Once you have an RDS instance, you need some way for customers to get their data into it and for you to interact with that data once it’s there. Specifically, you need web servers. And while Amazon’s Elastic Beanstalk (AWS’ platform to deploy and scale web applications) is conceptually good, in practice it is extremely slow with middling software support, and can be painfully difficult to debug problems.
But AWS’ primary offering has always been the Elastic Compute Cloud (EC2). Running EC2 nodes is fast and easy, and supports any kind of software your application needs. And, unsurprisingly, EC2 offers exceptional tools to mitigate downtime and failure, including auto scaling groups (ASGs). With an ASG, Amazon keeps as many servers up as you specify, even across availability zones. If a server becomes unresponsive or passes other thresholds defined by you (such as amount of incoming traffic or CPU usage), new nodes will automatically spin up.

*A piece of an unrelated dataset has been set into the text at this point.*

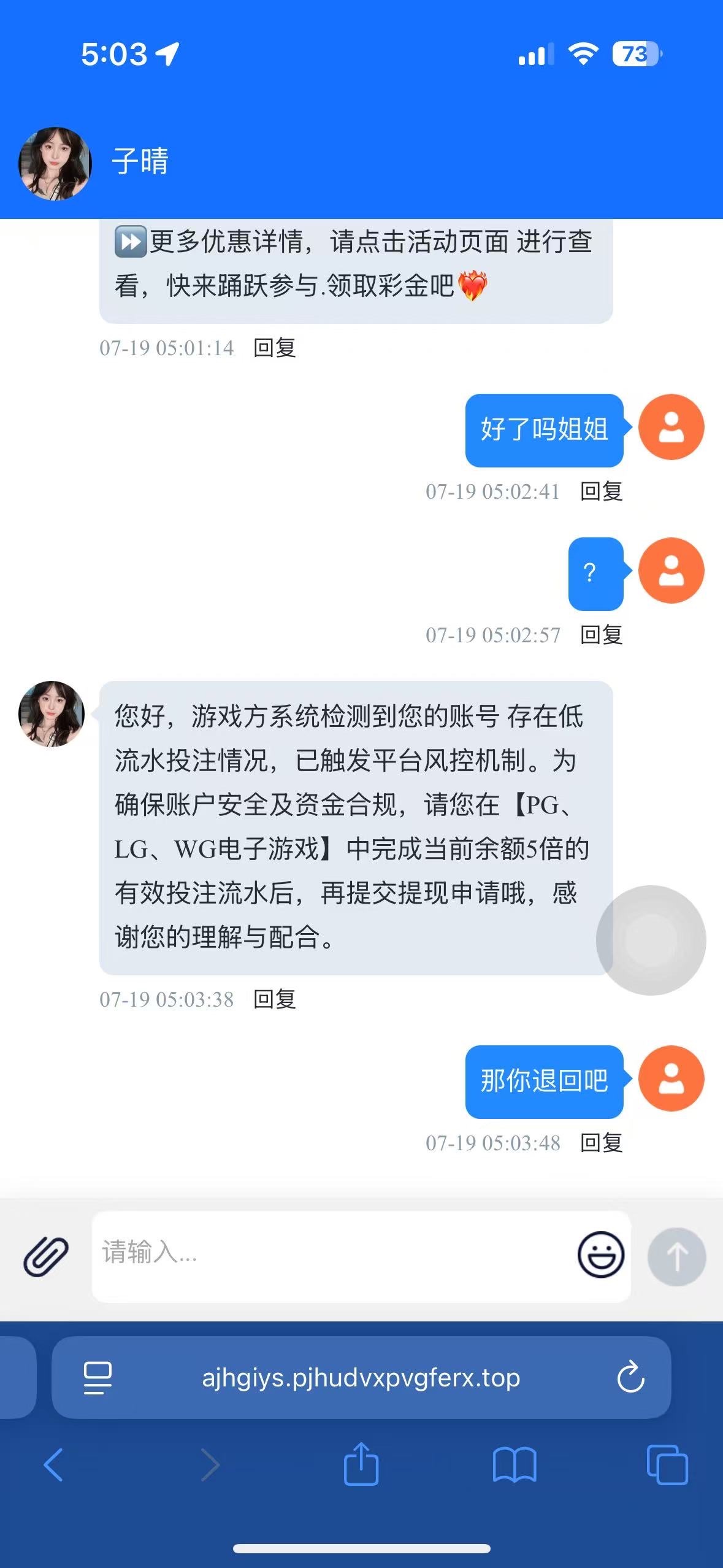 P给大家说一下吧 第一次我充了三千提了3500 第二次充了2000提了3000 直接给我黑了 理由就是异常 赢钱根本提不出来  我太累了兄弟们 开五十打女王一次免费不给 一直掉两个夺宝 我冲一千我都敢开一百一拉 我好累啊兄弟们 赢钱提不出来 太累太累了 心理上的折磨 平台叫pg游戏城0530com 真的太垃圾了 我真的好后悔堵了 没钱去上班 一个月工资五千多六千块钱 全部一把冲进去 我也不说我是什么样的人 玩了这几年 输了钱都可以买辆几十万的车了 太累了兄弟们 早点戒了吧 跟狗庄斗智斗勇 你玩不过的 不管ng还是问鼎 根本没有穩的一说 太累了 路好漫长 输的不只是一个人的心性 高高兴兴去提款 直接黑了 没有耐心 不想磨 只想速战速决 戒了吧兄弟们 我就是最好的列子 管理员勿删帖 我很少发帖子的 看完这些评论你就知道该走什么样的路 也感谢彩虹白菜网 谢谢大家了

New servers by themselves do you no good. You need a process to make sure new nodes are provisioned correctly and consistently so a new server joining your auto scaling group also has your web software and credentials to access your database. Here, you can take advantage of another Amazon tool, the Amazon Machine Image (or AMI). An AMI is a saved copy of an EC2 instance. Using an AMI, AWS can spin up a new node that is an exact copy of the machine that generated the AMI.

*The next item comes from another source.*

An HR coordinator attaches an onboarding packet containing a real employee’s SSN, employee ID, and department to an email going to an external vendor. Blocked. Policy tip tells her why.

Packer, by Hashicorp, makes it easy to create and save AMIs, and is also free and open-source. But there are lots of amazing tools that can simplify AMI creation. They are the fundamental building blocks of EC2. With clever AMI use you’ll be able to create new, functional servers in less than 5 minutes.
It’s common to need additional provisioning and configuration even after an AMI is started—perhaps you want to make sure the latest version of your application is downloaded onto your servers from GitHub, or that the most recent security patches have been applied to your installed packages. In cases such as these a provisioning system is a necessity. Chef and Puppet are the two biggest players in this space, and both offer excellent integrations with AWS. The ideal use case here i is an AMI with credentials to automatically connect to your Chef or Puppet provisioning system, which then ensures the newly created node is as up to date as possible.
Final Thoughts
By relying on auto scaling groups, AMIs, and a sensible provisioning system, you can create a system that is completely repeatable and consistent. Any server could go down and be replaced, or 10 more servers could enter your load balancer, and the process would be seamless, automatic, and almost invisible to you.

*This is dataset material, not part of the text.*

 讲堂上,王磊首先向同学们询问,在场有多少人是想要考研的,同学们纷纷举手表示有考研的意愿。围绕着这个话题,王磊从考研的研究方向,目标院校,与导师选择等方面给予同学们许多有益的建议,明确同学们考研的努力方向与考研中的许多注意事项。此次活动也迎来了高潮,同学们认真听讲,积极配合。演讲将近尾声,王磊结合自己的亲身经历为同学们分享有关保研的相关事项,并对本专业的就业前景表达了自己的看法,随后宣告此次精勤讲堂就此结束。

And that’s the secret why Amazon’s services rarely go down. Not the hundreds of engineers, or dozens of datacenters, or even the clever products: It’s the automation. Failure happens, but if you detect it early, isolate it as much as possible, and recover from it seamlessly—all without requiring human intervention—you’ll be back on your feet before you even knew a problem occurred.
There are plenty of potential concerns with powerful automated systems like this. How do you ensure new servers are ones provisioned by you, and not an attacker trying to join nodes to your cluster? How do you make sure transmitted copies of your databases aren’t compromised? How do you prevent a thousand nodes from accidentally starting up and dropping a massive AWS bill into your lap? This overview of the techniques AWS leverages to prevent downtime and isolate failure should serve as a good jumping-off point to those more complicated concepts. Ultimately, downtime is impossible to prevent, but you can keep it from broadly affecting your customers. Working to keep failure contained and recovery as rapid as possible leads to a better experience both for you and your users.